• [About this task] Exactly reproduce the lines of the listing below from the one containing "Набор елочных шаров" through the one containing "Laitoin auton käyntiin". Skip the images.

——————————

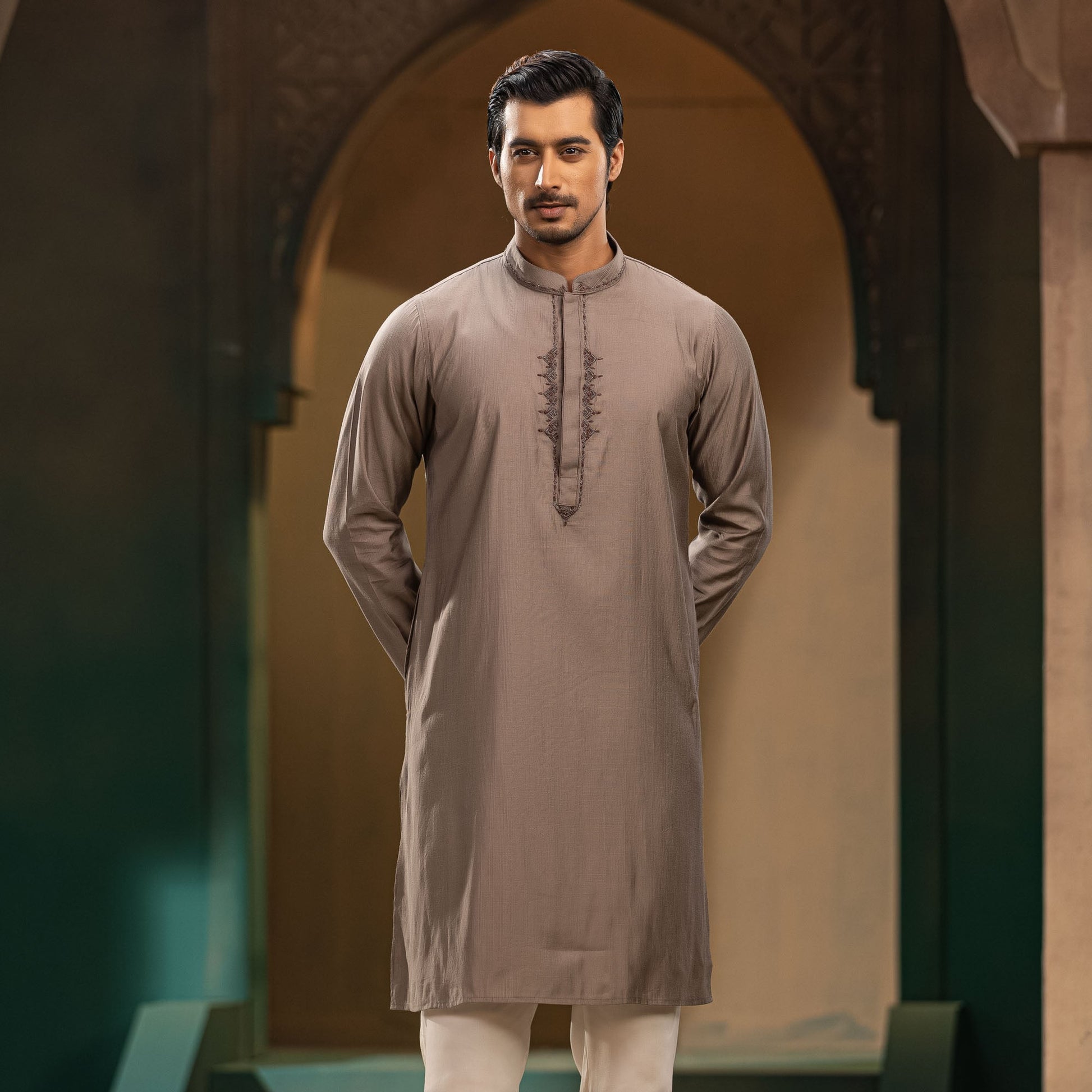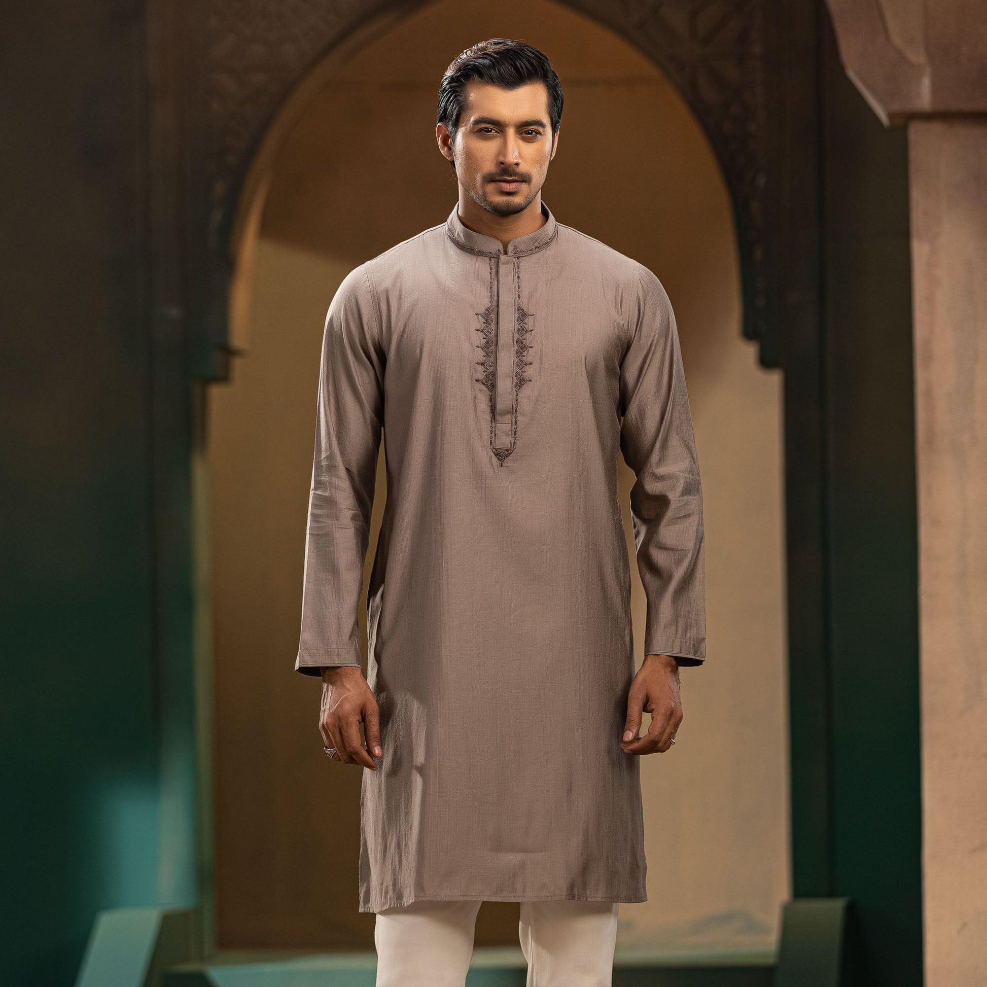 This men’s taupe karchupi Panjabi features a mandarin collar adorned with zardozi embroidery and metal shank buttons. Made from poly cotton, it offers a regular fit and is available in panjabi size, ideal for adding a touch of elegance to traditional and festive occasions.
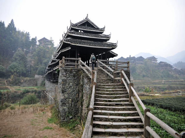 風(fēng)雨橋以石拱木作,廊、屋、亭、閣為一體,造型別致、美不勝收。無論是遠(yuǎn)眺還是進(jìn)觀,都體現(xiàn)出獨(dú)特的審美意境。鏈接廊橋與屋亭的是長(zhǎng)條青石,橋與村寨的連接則用花石鋪路,橋面主體是當(dāng)?shù)厮寄静?。這種自然生態(tài)環(huán)保的理念,更彰顯了瑤族人民獨(dú)特的審美境界。
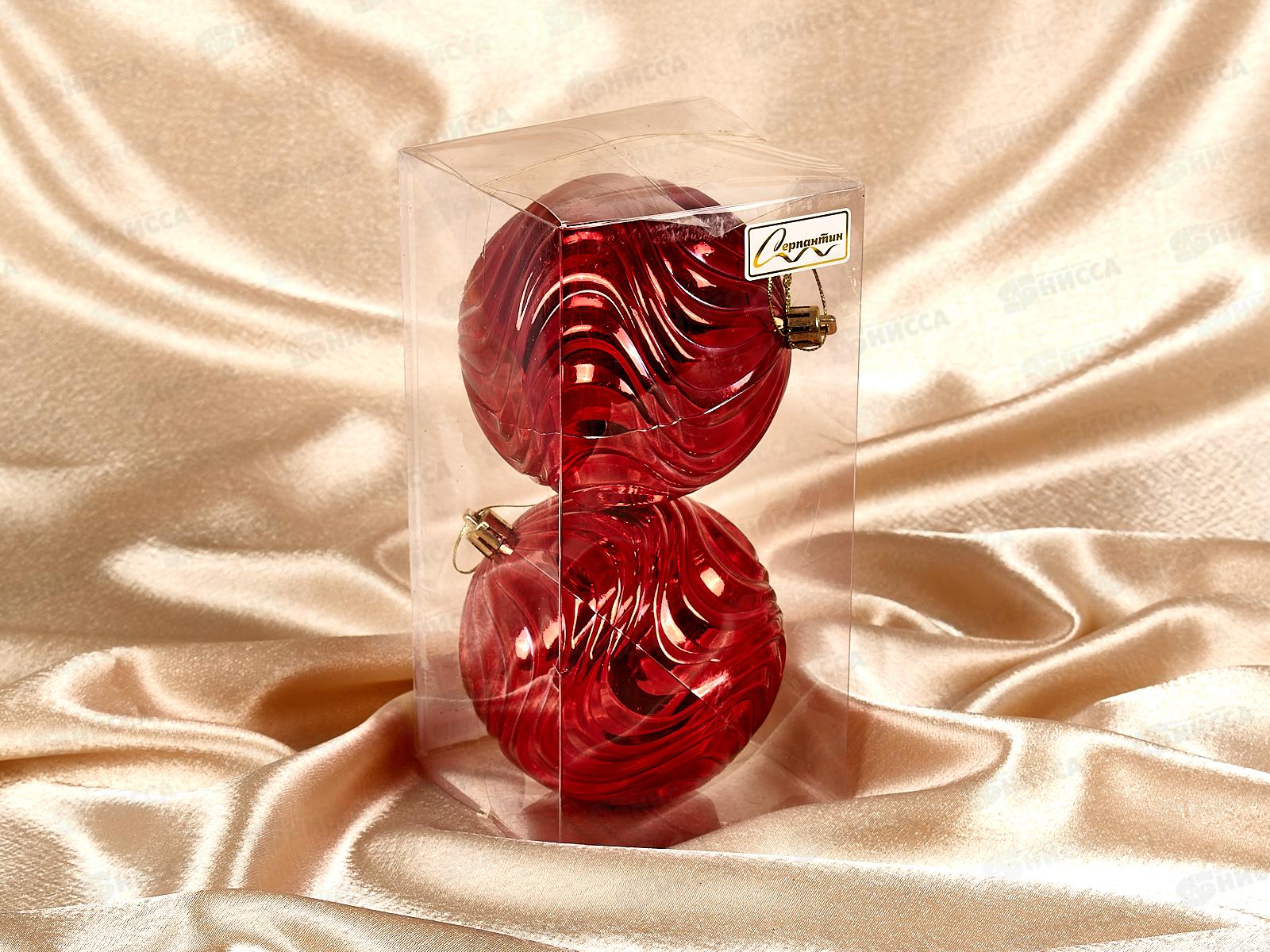 Набор елочных шаров 2шт "Рельеф" 10см красный 201-1766
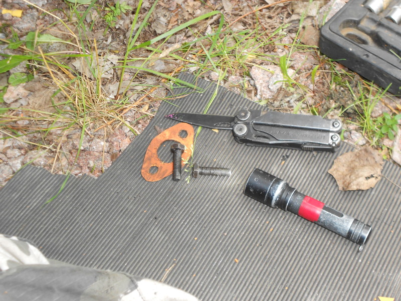 Laitoin auton käyntiin ja kompuran suunnalta alkoi kuulumaan kovaa suhinaa. Vika paikantui kompuran lähtöpuolen putkilaippaan eli tiiviste oli mennyt rikki. Puskaolosuhteissa en todellakaan halunut alkaa sitä korjaamaan.
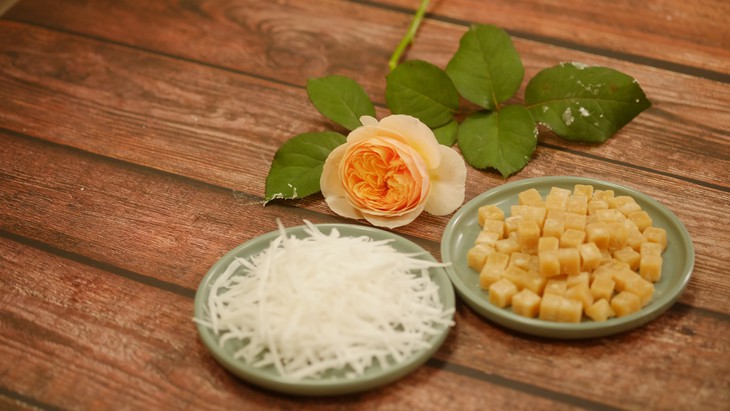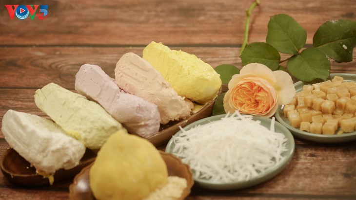 Ingredientes para el “banh chay”: harina de arroz pegajoso, frijol mungo, azúcar, tapioca, sésamo y petalos de la flor de pomelo o esencia de flor de plátano. |
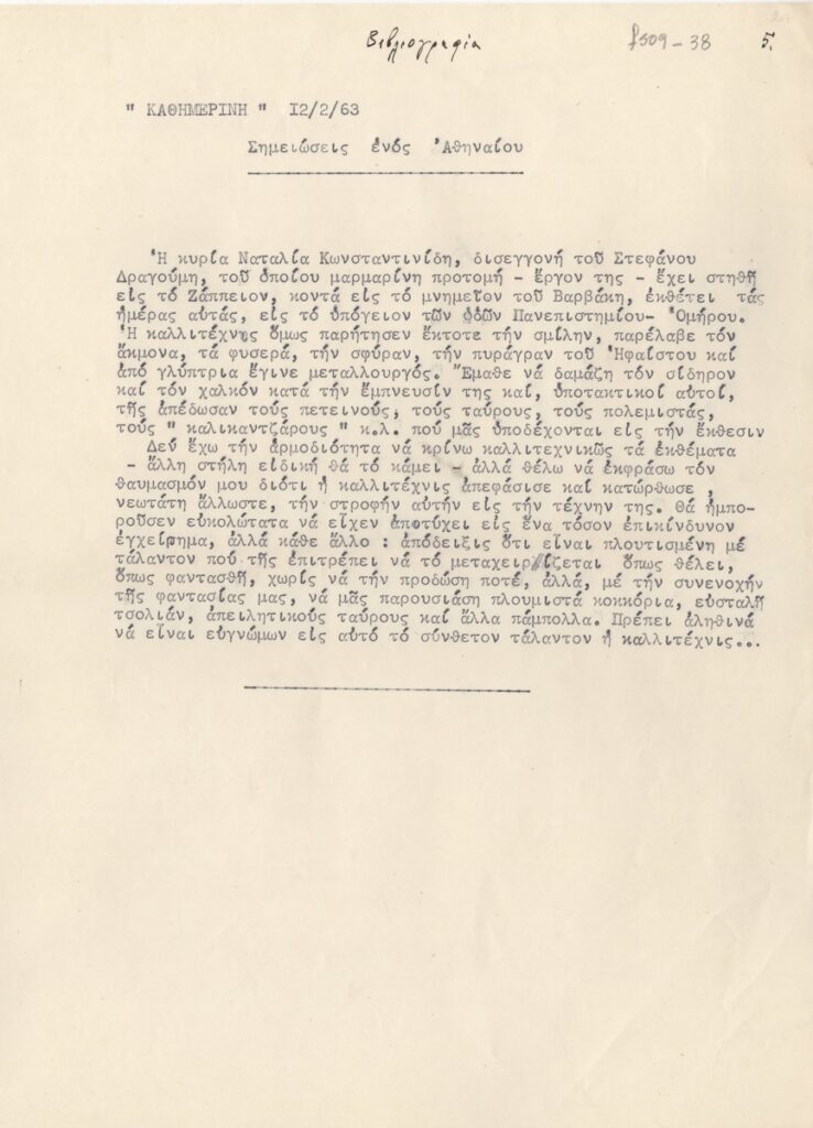 Αποδελτίωση άρθρου για τη ζωή και το έργο της Ναταλίας Μελά Κωνσταντινίδη καθώς και κριτικής έκθεσή της στην Γκαλερί Ζυγός στην Αθήνα (εφημερίδα “Η Καθημερινή”, 12/02/1963).

——————————

• [Output of the task]
 Набор елочных шаров 2шт "Рельеф" 10см красный 201-1766
 Laitoin auton käyntiin ja kompuran suunnalta alkoi kuulumaan kovaa suhinaa. Vika paikantui kompuran lähtöpuolen putkilaippaan eli tiiviste oli mennyt rikki. Puskaolosuhteissa en todellakaan halunut alkaa sitä korjaamaan.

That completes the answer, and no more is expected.